Exploring Embedding Priors in Prompt-Tuning for Improved Interpretability and Control
This work addresses the problem of embedding collapse in prompt-tuning for researchers, offering insights into interpretability and control, but it is incremental as it builds on existing prompt-tuning methods without introducing a new paradigm.
The study investigated how embedding priors influence prompt-tuning performance and found that priors strongly affect tuned embedding positions, with models capable of using embeddings from different activation space regions, including new ones, while noting distinct activation clusters for distant tasks but similar clusters for related NLP tasks.

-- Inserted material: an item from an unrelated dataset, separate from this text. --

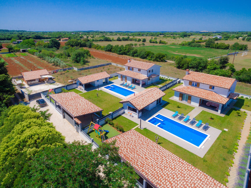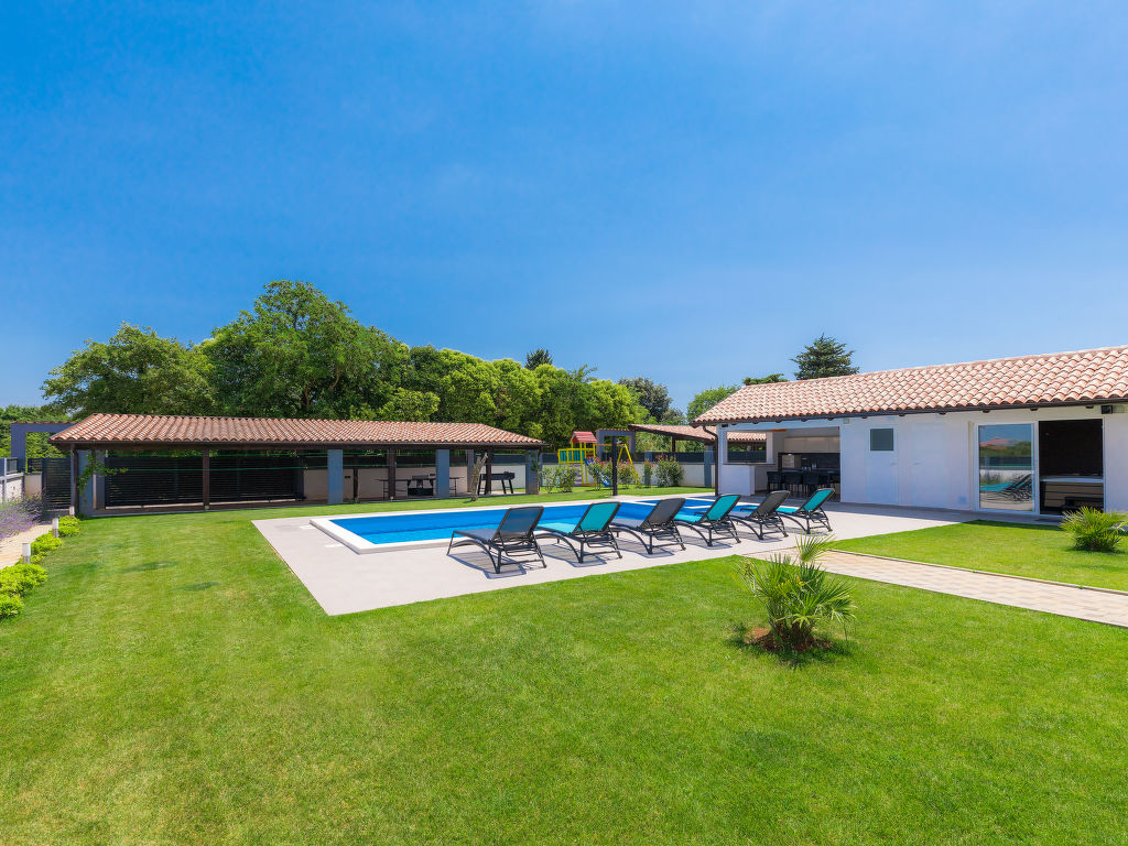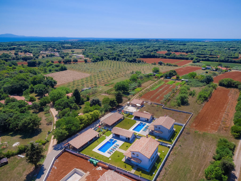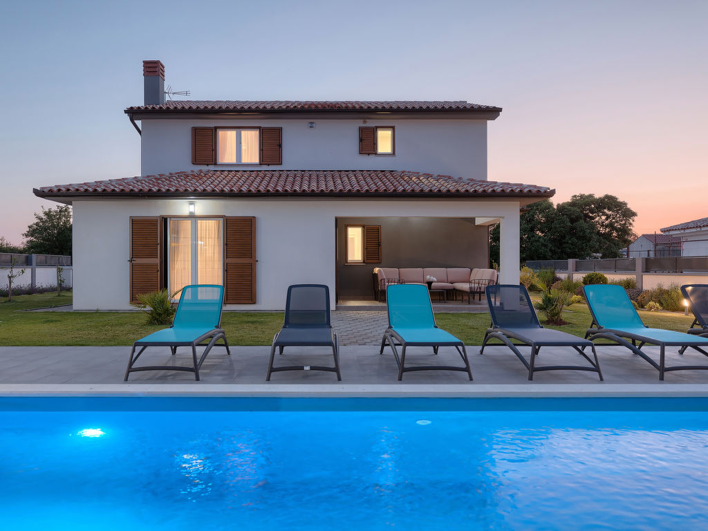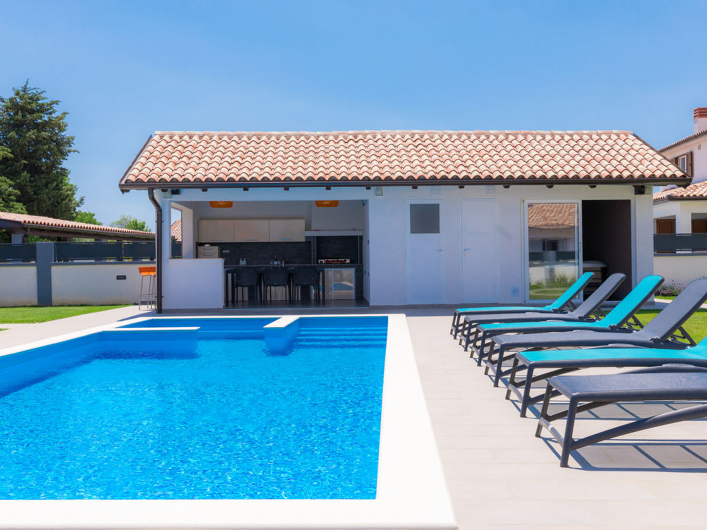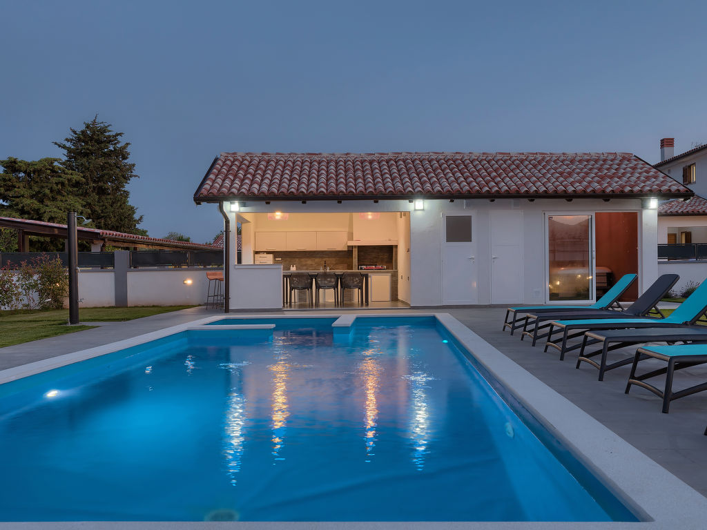 Šišan 5 km von Medulin: Schöne Villa "Alba Rossa", auf 2 Stockwerken, Baujahr 2019. 900 m vom Zentrum von Šišan, 8 km vom Zentrum von Pula, ruhige, sonnige Lage, 2 km vom Meer, 2 km vom Strand. Zur Alleinbenutzung: Grundstück 1'000 m2 (eingezäunt), schöner Garten mit Rasen und Pflanzen, Schwimmbad eckig (10 x 5 m, 140 cm tief, 04.04.-24.10.) mit Innentreppe. WC im Poolbereich, Aussendusche, Poolhaus mit Dusche, Tischtennis, Gartenmöbel, Grill, Kinderspielplatz (Rutschbahn, Schaukel). Im Hause: Internetzugang, Sprudelbad, Infrarotwärmekabine, Tischfussball, Trampolin, Waschmaschine. Zufahrt bis zum Haus (300 m Naturweg). Parkplatz (für 2 Autos, überdacht) beim Haus auf dem Grundstück. Einkaufsgeschäft 800 m, Supermarkt 6 km, Restaurant 650 m, Kieselstrand 2 km, Felsstrand 2 km. Surfschule 4 km, Segelschule 4 km, Tennis 6 km, Reitstall 1 km, Wanderwege ab Haus 100 m, Radweg 150 m. Schwimmbad mit Hydromassage. Privat: Aussenküche (2 Kochplatten aus Keramikglas, Backofen, Geschirrspüler, Gefrierschrank, elektrische Kaffeemaschine).

Prompt-Tuning is an efficient method for adapting pre-trained language models to new tasks with minimal computational overhead by modifying prompt embeddings. In this work, we investigate how crucial the phenomenon of embedding collapse, frequently observed in Prompt-Tuning, is for the final performance of the model. To address this question, we designed embedding priors and compared them with posteriors of the converged Soft and Deep Prompt-Tuning methods. Our findings suggest that priors strongly affect the position of the tuned embeddings, and models can effectively work with embeddings from different parts of activation spaces, including completely new regions. As the final Prompt-Tuning capabilities are limited, we hypothesize that controllable Prompt-Tuning posteriors may serve as a good starting point for tasks such as chain-of-thought (COT) distillation. Our experiments also show that generated trajectories are not localized in the activation space of the models. However, there are distinct clusters of activations for distant tasks (e.g., NLP and arithmetic), while activations between NLP tasks (e.g., Question-Answering and MLM) lie in the same cluster. These observations raise questions about the importance of a single activation cluster for the generalization abilities of large language models.